Schoolyard chums

While civil libertarians are furious over the Supreme Court's voucher decision, many low-income African-Americans are solidly in the conservative camp.

Jun 29, 2002 | In the late 1980s, Roberta Kitchen had a sixth-grade daughter in an inner-city Cleveland school who could barely read. Kitchen asked her daughter's teacher to hold her back a year, but, she says, the teacher told her "they had already reached their quota as to how many kids they could fail." The students in her daughter's class had to share books, and since there weren't enough to go around, the teachers couldn't assign reading for them to do at home.

Kitchen says that same daughter was being threatened with rape by a classmate who was a gang member, so every day she would leave work at 2:30 to pick her up and take her home.

Now Kitchen, a single mother with five children, has another daughter in sixth grade.
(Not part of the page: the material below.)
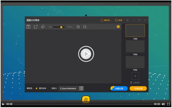 软件提供照片去水印的功能,可以快速处理图片中的各种水印和瑕疵,支持多种格式的图片,采用了智能的处理方法,一键即可清除水印,同时还能够批量处理图片。

Instead of the 35 students who crowded her elder girl's class, her younger daughter shares her classroom with perhaps 12 other kids, and she's on the honor roll. Kitchen uses the Cleveland voucher program -- upheld by the Supreme Court on a 5-4 vote Thursday -- to pay her daughter's tuition at Saint John Nottingham, a Lutheran school. She doesn't care at all that her tax money is flowing over the wall that once decisively separated church and state.
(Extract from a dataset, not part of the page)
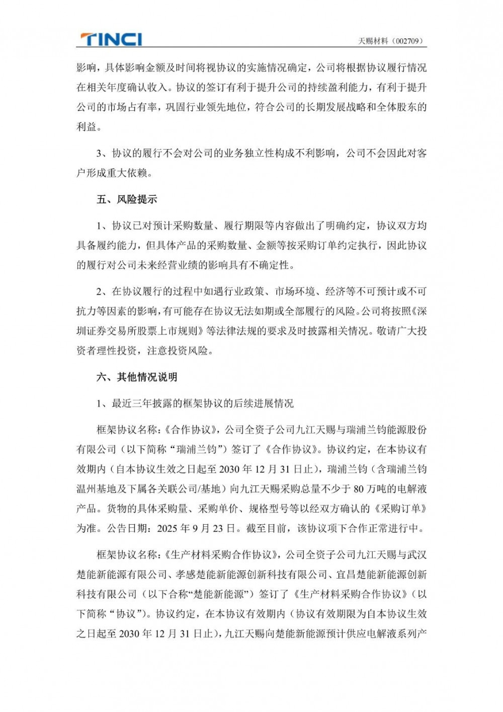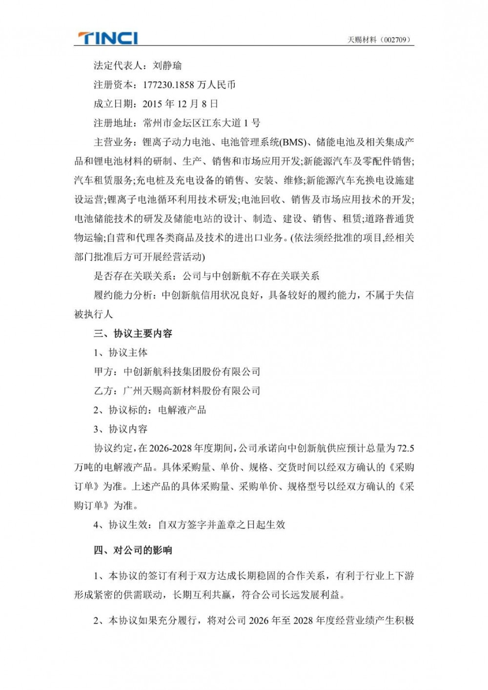 协议约定,在2026-2028年度期间,天赐材料承诺向中创新航供应预计总量为72.5万吨的电解液产品。具体采购量、单价、规格、交货时间以经双方确认的《采购订单》为准。上述产品的具体采购量、采购单价、规格型号以经双方确认的《采购订单》为准。

In fact, she's furious with the civil libertarians and African-American leaders who oppose voucher programs. "They have a lot of nerve telling us, who have children in a failing school, to be satisfied, when their children don't live in Cleveland and don't have to be subjected to the type of things that kids here are," she says. "I'm angry that they can have dreams and see those dreams come to fruition for their children, while ours are hampered because our kids are in situations where if they go to school, there's no guarantee they'll come home intact."

Nor does Kitchen care about the political firestorm ignited by the high court's ruling on school vouchers. "I don't want to sacrifice my children to a school system," she says. "I refuse to do that."

Families like hers are what make the voucher debate so difficult, and so divisive. Since Thursday's Supreme Court ruling, the issue has been painted as crucial to the separation of church and state, with Christian rightists cheering and liberals and civil libertarians wringing their hands. "Today's decision is bad for education and bad for religious freedom," Steven R. Shapiro, legal director of the American Civil Liberties Union, said in a press release. Added ACLU Ohio executive director Chris Link: "Sadly, this decision essentially defunds Cleveland's public schools and leaves parents who want vouchers with no options but parochial education for their children."

Meanwhile, many on the right are delighted at the privatization of education and the prospect of public money flowing towards church schools. "With a green light from the high court, the possibilities for new programs are endless," said a statement from the Heritage Foundation, a conservative think tank based in Washington.

It's not just the right that's cheering the court's ruling, though. Many poor families who've never voted Republican in their lives are also thrilled. And that makes the issue complicated.

The Ohio Legislature introduced vouchers to Cleveland in 1996. It was a response to a crisis in the city's schools, which were failing so badly that in 1995 a federal judge ordered the state to take them over. Though smaller than Milwaukee's voucher program -- which has around 10,000 participants as opposed to Cleveland's 4,300 -- the program in Cleveland has been particularly controversial because almost all its students use the vouchers to attend religious schools.

A coalition of teachers and civil liberties groups challenged the program on church-state grounds in a suit that was finally decided Thursday by the Supreme Court. After big setbacks for the voucher movement in recent years, including overwhelming defeat in California and Michigan referendums in 2000, it's been re-energized, and conservatives are planning on introducing programs in Texas, Utah, Arizona and other states.

But while it's now clear that voucher programs are constitutional, it's far less clear whether they're good policy.

There are many strong arguments against them. They siphon money from public schools into religious schools, where more than 96 percent of voucher students land. The high percentage of voucher students going to religious schools isn't a result of parents' choices, say people on both sides of the issue -- it's because religious private schools are more likely to accept vouchers than secular ones.

According to Meryl Johnson, spokeswoman for the Cleveland Teachers Union and a teacher at Charles Eliot Middle School, vouchers have drained $46 million from the city's school system that would otherwise have gone to tutoring, reducing class sizes and increasing security.